Jupp Koitka

Personal information
- Full name: Heinz-Josef Koitka
- Date of birth: 12 February 1952 (age 73)
- Place of birth: Wattenscheid, West Germany
- Height: 1.82 m (5 ft 11+1⁄2 in)
- Position(s): Goalkeeper

Senior career*
- Years: Team / Apps / (Gls)
- 1973–1976: SG Wattenscheid 09
- 1976–1979: Eintracht Frankfurt / 91 / (0)
- 1979–1980: Rot-Weiß Lüdenscheid / 27 / (0)
- 1980–1982: Hamburger SV / 23 / (0)
- 1982–1984: Alemannia Aachen / 70 / (0)
- 1984–1987: SG Wattenscheid 09 / 99 / (0)
- 1987–1990: Hamburger SV / 28 / (0)

= Heinz-Josef Koitka =

German footballer

Heinz-Josef "Jupp" Koitka (born 12 February 1952 is a former German football player.

He started his career 1971 at SG Wattenscheid 09. Via Frankfurt he moved for the 1979–80 campaign to 2. Bundesliga Nord side Rot-Weiß Lüdenscheid and left them after a season for Hamburger SV. In total he appeared in 142 Bundesliga matches, most of them for Eintracht Frankfurt (91).

His greatest success was the German championship with Hamburger SV in 1982 after being runner-up in the previous season. In 1982, he reached the UEFA Cup final, as a backup to Uli Stein.

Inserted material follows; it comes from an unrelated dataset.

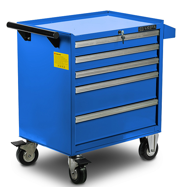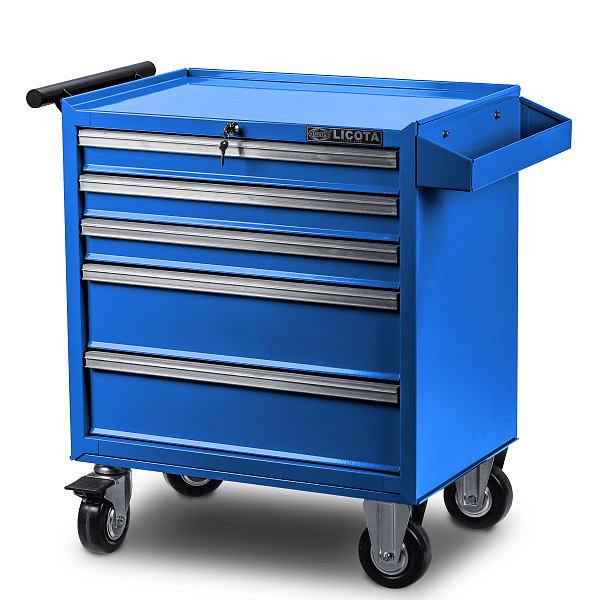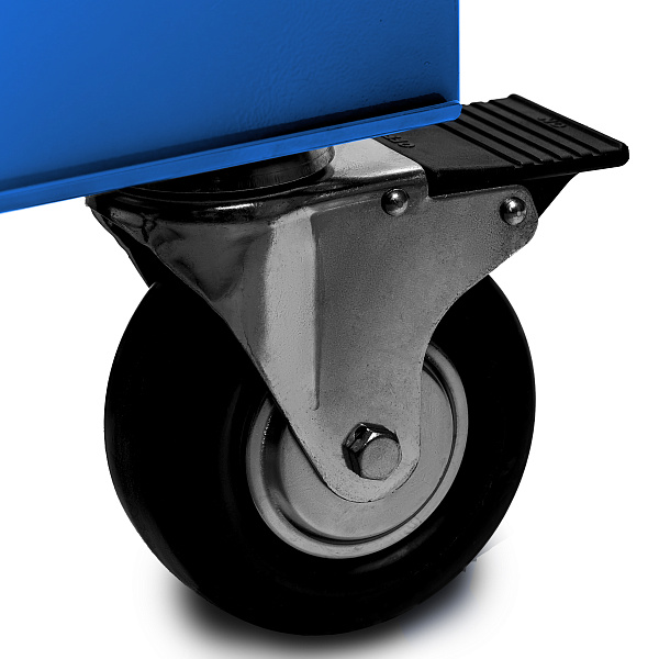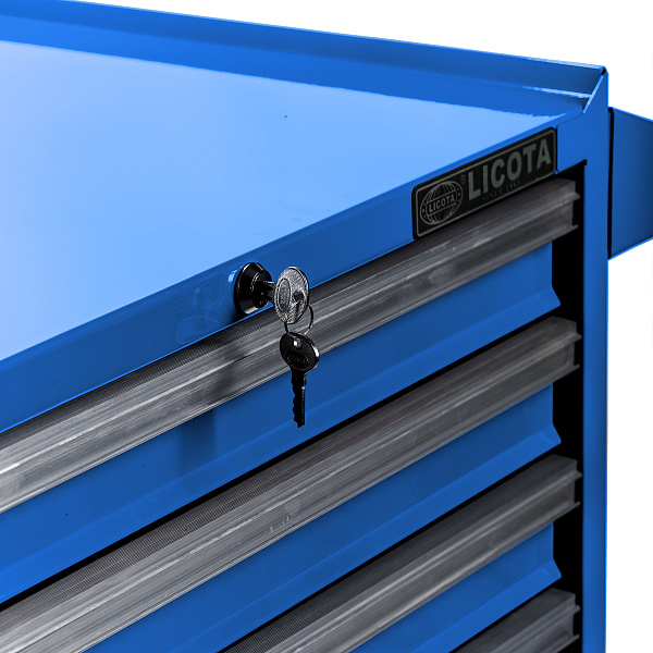 Система Easy lock предотвращает самопроизвольное открытие полок. Центральный замок предусмотрен для блокировки всех полок одновременно. Съёмный карман на корпусе тележки предназначен для хранения емкостей с техническими жидкостями.

In 1990 Koitka finished his career at HSV. After his active career he returned to his roots and became coach and goalkeeping coach at SG Wattenscheid 09. His son Kai Koitka played for the 09ers from 2003 until 2006 as well.

Heinz-Josef Koitka was engaged at DFB responsible for the Under 21 goalkeepers and match observer.